Irma: Hurricane sucks water from Bahamas beach in rare phenomenon

Irma: Hurricane sucks water from Bahamas beach in rare phenomenon

Irma: Hurricane sucks water from Bahamas beach in rare phenomenon

"That's as far as they see #HurricaneIrma". Most of Irma's power is coming from a confluence of the cell's unusually low pressure and the warm water in the Atlantic - the hurricane's low pressure is sucking water away from the shore.

Another Twitter user tweeted a photo of the exposed beach at a different beach in the Bahamas and showed it was back to normal within less than a day.

The force of Hurricane Irma is so strong it has sucked all sign of water away from beaches in the Bahamas as it heads towards the U.S. mainland.

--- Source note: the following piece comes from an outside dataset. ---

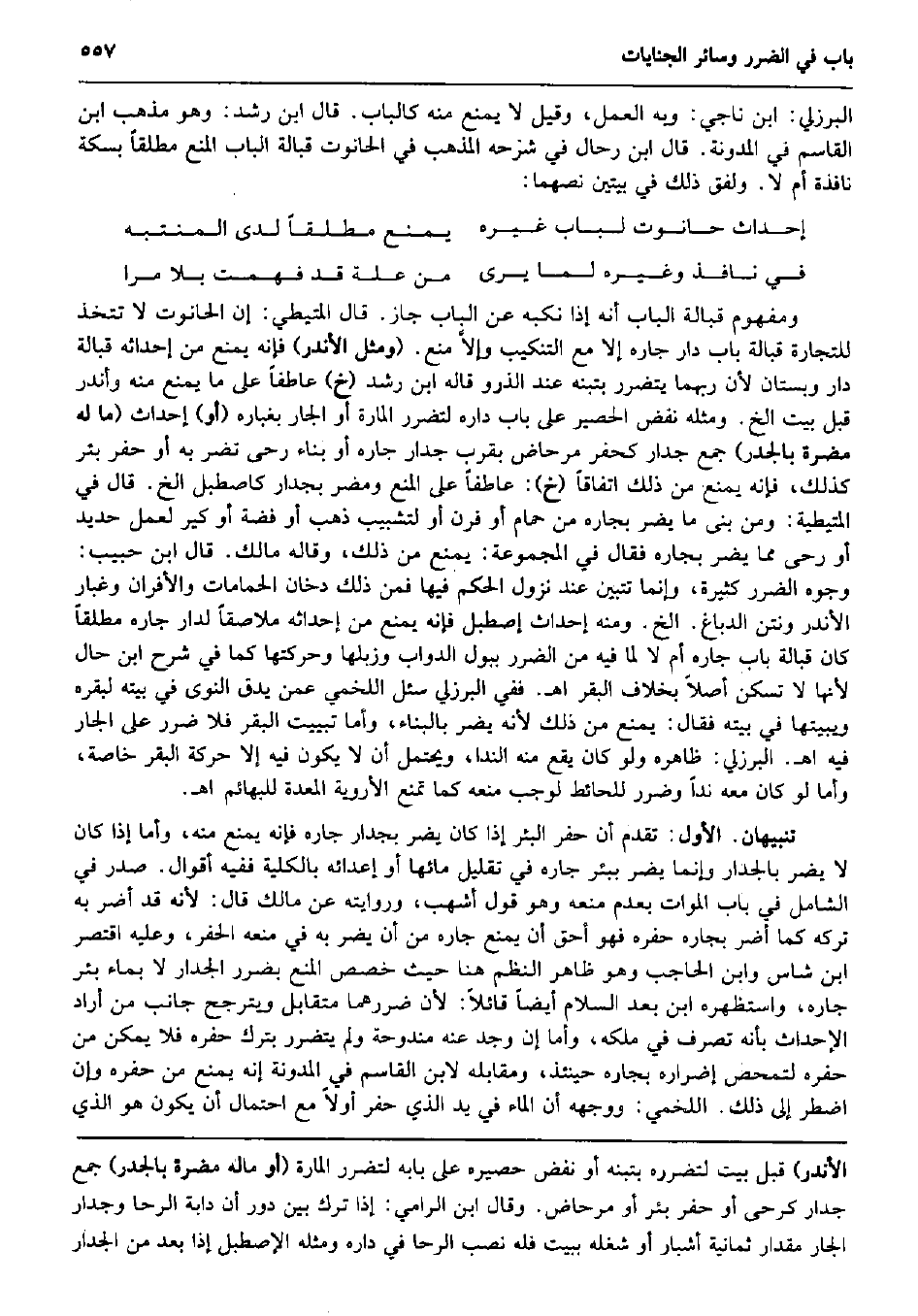 الْبُرْزُليّ: ابْن نَاجِي: وَبِه الْعَمَل، وَقيل لَا يمْنَع مِنْهُ كالباب. قَالَ ابْن رشد: وَهُوَ مَذْهَب ابْن الْقَاسِم فِي الْمُدَوَّنَة. قَالَ ابْن رحال فِي شَرحه الْمَذْهَب فِي الْحَانُوت قبالة الْبَاب الْمَنْع مُطلقًا بسكة نَافِذَة أم لَا. ولفق ذَلِك فِي بَيْتَيْنِ نصهما: إِحْدَاث حَانُوت لباب غَيره يمْنَع مُطلقًا لَدَى المنتبه فِي نَافِذ وَغَيره لما يرى من عِلّة قد فهمت بِلَا مرا وَمَفْهُوم قبالة الْبَاب أَنه إِذا نكبه عَن الْبَاب جَازَ. قَالَ المتيطي: إِن الْحَانُوت لَا تتَّخذ للتِّجَارَة قبالة بَاب دَار جَاره إِلَّا مَعَ التنكيب وإلاَّ منع. (وَمثل الأندر) فَإِنَّهُ يمْنَع من إحداثه قبالة دَار وبستان لِأَن ربهما يتَضَرَّر بتبنه عِنْد الذرو قَالَه ابْن رشد (خَ) عاطفاً على مَا يمْنَع مِنْهُ وأندر قبل بَيت الخ. وَمثله نفض الْحَصِير على بَاب دَاره لتضرر الْمَارَّة أَو الْجَار بغباره (أَو) إِحْدَاث (مَا لَهُ مضرَّة بالجدر) جمع جِدَار كحفر مرحاض بِقرب جِدَار جَاره أَو بِنَاء رحى تضر بِهِ أَو حفر بِئْر كَذَلِك، فَإِنَّهُ يمْنَع من ذَلِك اتِّفَاقًا (خَ) : عاطفاً على الْمَنْع وَمُضر بجدار كاصطبل الخ. قَالَ فِي الْمُتَيْطِيَّة: وَمن بنى مَا يضر بجاره من حمام أَو فرن أَو لتشبيب ذهب أَو فضَّة أَو كير لعمل حَدِيد أَو رحى مِمَّا يضر بجاره فَقَالَ فِي الْمَجْمُوعَة: يمْنَع من ذَلِك، وَقَالَهُ مَالك. قَالَ ابْن حبيب: وُجُوه الضَّرَر كَثِيرَة، وَإِنَّمَا تتبين عِنْد نزُول الحكم فِيهَا فَمن ذَلِك دُخان الحمامات والأفران وغبار الأندر ونتن الدّباغ. الخ. وَمِنْه إِحْدَاث إصطبل فَإِنَّهُ يمْنَع من إحداثه ملاصقاً لدار جَاره مُطلقًا كَانَ قبالة بَاب جَاره أم لَا لما فِيهِ من الضَّرَر ببول الدَّوَابّ وزبلها وحركتها كَمَا فِي شرح ابْن حَال لِأَنَّهَا لَا تسكن أصلا بِخِلَاف الْبَقر اه. فَفِي الْبُرْزُليّ سُئِلَ اللَّخْمِيّ عَمَّن يدق النَّوَى فِي بَيته لبقره ويبيتها فِي بَيته فَقَالَ: يمْنَع من ذَلِك لِأَنَّهُ يضر بِالْبِنَاءِ، وَأما تبييت الْبَقر فَلَا ضَرَر على الْجَار فِيهِ اه. الْبُرْزُليّ: ظَاهره وَلَو كَانَ يَقع مِنْهُ الندا، وَيحْتَمل أَن لَا يكون فِيهِ إِلَّا حَرَكَة الْبَقر خَاصَّة، وَأما لَو كَانَ مَعَه ندا وضرر للحائط لوَجَبَ مَنعه كَمَا تمنع الأروية الْمعدة للبهائم اه. تَنْبِيهَانِ. الأول: تقدم أَن حفر الْبِئْر إِذا كَانَ يضر بجدار جَاره فَإِنَّهُ يمْنَع مِنْهُ، وَأما إِذا كَانَ لَا يضر بالجدار وَإِنَّمَا يضر ببئر جَاره فِي تقليل مَائِهَا أَو إعدائه بِالْكُلِّيَّةِ فَفِيهِ أَقْوَال. صدر فِي الشَّامِل فِي بَاب الْموَات بِعَدَمِ مَنعه وَهُوَ قَول أَشهب، وَرِوَايَته عَن مَالك قَالَ: لِأَنَّهُ قد أضرّ بِهِ تَركه كَمَا أضرّ بجاره حفره فَهُوَ أَحَق أَن يمْنَع جَاره من أَن يضر بِهِ فِي مَنعه الْحفر، وَعَلِيهِ اقْتصر ابْن شَاس وَابْن الْحَاجِب وَهُوَ ظَاهر النّظم هُنَا حَيْثُ خصص الْمَنْع بِضَرَر الْجِدَار لَا بِمَاء بِئْر جَاره، واستظهره ابْن بعد السَّلَام أَيْضا قَائِلا: لِأَن ضررهما متقابل ويترجح جَانب من أَرَادَ الإحداث بِأَنَّهُ تصرف فِي ملكه، وَأما إِن وجد عَنهُ مندوحة وَلم يتَضَرَّر بترك حفره فَلَا يُمكن من حفره لتمحص إضراره بجاره حِينَئِذٍ، وَمُقَابِله لِابْنِ الْقَاسِم فِي الْمُدَوَّنَة إِنَّه يمْنَع من حفره وَإِن اضْطر إِلَى ذَلِك. اللَّخْمِيّ: وَوَجهه أَن المَاء فِي يَد الَّذِي حفر أَولا مَعَ احْتِمَال أَن يكون هُوَ الَّذِي

Since the hurricane is so strong and its pressure is very low, it is sucking water from its surroundings and bringing it into the core of the storm. Wayne Neely, a forecaster with the Bahamas' Department of Meteorology, warned that people should stay clear of the areas where water has receded because the ocean will come back at higher levels and with great ferocity. Footage of a dry Bahamas shoreline hit the internet shortly after Irma swept through the Caribbean Islands. As the storm gobbles water towards its center, it gets pulled from its surroundings. It happened in the Bahamas on Friday and Saturday, and now it's happening on the Gulf Coast of Florida on Sunday.

The Washington Post also adds that the jarring disappearance of the ocean could be attributed to hurricane "bulge", referring to the centre of the storm being so low pressure that water is actually drawn upwards.

Irma made landfall over the Florida Keys Sunday morning as a category 4 storm.